In the example output below, the user 'eve' is showing the highest CPU usage for the interval, and you can see the command that was being run by that user:
user: dovecot
memory-score: 84.30 memory-score:
M: 84.30 proc: \_ dovecot/auth
M: 0.00 proc: \_ dovecot/anvil
cpu-score: 6.90
C: 6.90 proc: \_ dovecot/auth
C: 0.00 proc: \_ dovecot/anvil
user: eve
memory-score: 345.00
M: 345.00 proc: /usr/bin/php /home/eve/public_html/website.com/script.php
M: 0.00 proc: /usr/bin/ruby /usr/bin/mongrel_rails start -p 12008 -d -e production -P log/mongrel.pid
cpu-score: 23847.00
C: 23847.00 proc: /usr/bin/php /home/eve/public_html/website.com/script.php
C: 0.00 proc: /usr/bin/ruby /usr/bin/mongrel_rails start -p 12008 -d -e production -P log/mongrel.pid
Based on that output, the next step would be to investigate the '/home/eve/public_html/website.com/script.php script. This could be done by reading the script and checking the '/home/eve/access-logs/' logs to see what the script is doing. Many times there will be several processes and users that will need to be investigated. If a user is causing sever load, it might help to suspend them while the system administrator investigates the issue. If you have CloudLinux, the LVE manager could limit their resources and help increase server stability.
http://docs.cloudlinux.com/cpanel_lve_manager.html
If most of the users have the same resource usage but the server has high load, it’s time to think about upgrading the server hardware or moving some users to a different server.

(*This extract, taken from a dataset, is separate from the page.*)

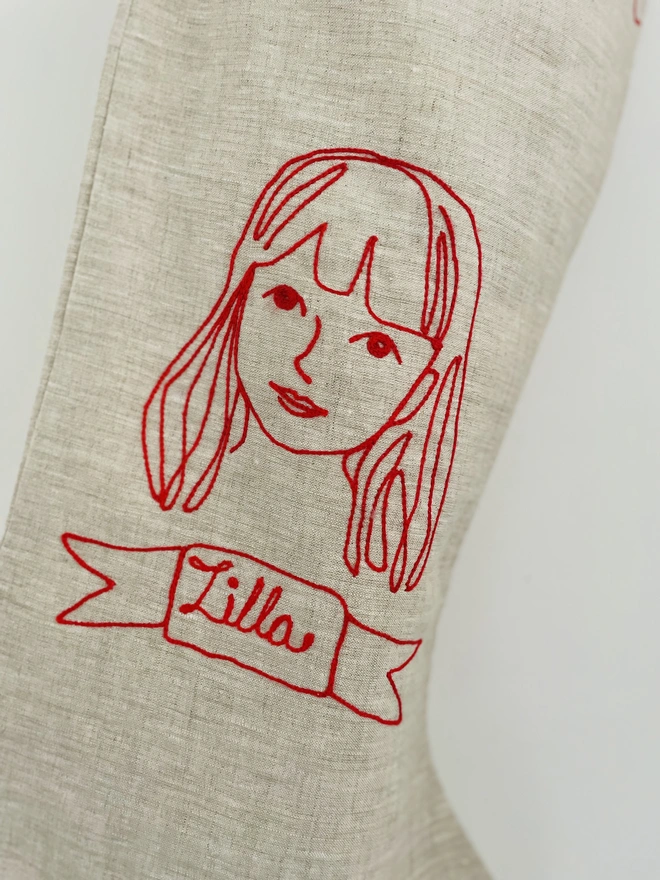 Bring warmth, love, and personality to your holiday décor with our Custom Embroidered Portrait Linen Stockings. Each stocking is beautifully handmade from natural linen, fully lined with soft natural calico and embroidered with a portrait of your loved ones.. family, friends, or even pets.
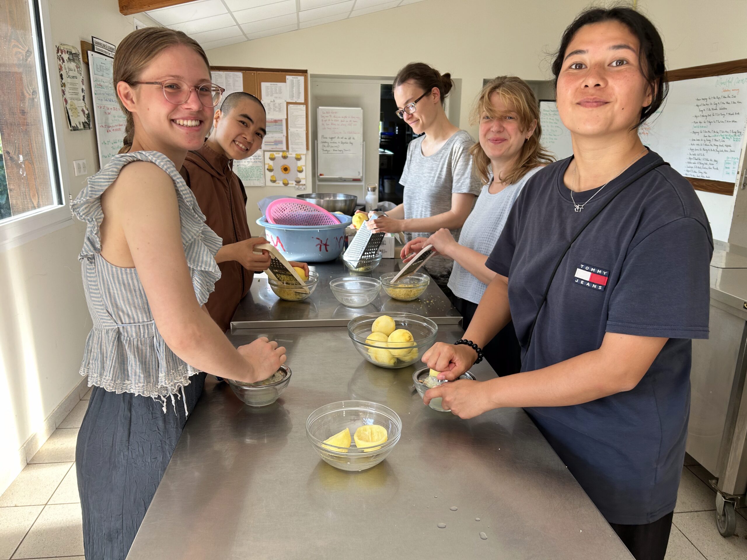 Volunteering for Plum village has been a life-changing experience for me. It’s a unique way to learn the practice of mindfulness. You get the chance to work with some really lovely volunteers and monastics to help to run the retreats, and there’s plenty of opportunity to join in the retreat activities too. It’s a nourishing experience with both challenging and joyful moments, and plenty of knowledge to come home with. — Claire; Wicklow, Ireland

If you want to easily run sys-snap from any directory, add this alias to your /etc/bashrc file:
alias syssnap="/root/sys-snap.pl"
If you think you have a user that is spiking the processor between 11am and 11:15am, you would run a command like this to narrow down the user:
[~] ./sys-snap.pl --print 11:00 11:15 --no-mem | head
user: brock
cpu-score: 142.76
user: root
cpu-score: 46.20
user: ntp
cpu-score: 0.00
user: snapper
cpu-score: 0.00
user: mailnull
cpu-score: 0.00
user: brock
cpu-score: 0.00
If you want to limit the number of lines that are output per user when you are parsing through the verbose output of --print, use the --max-lines flag.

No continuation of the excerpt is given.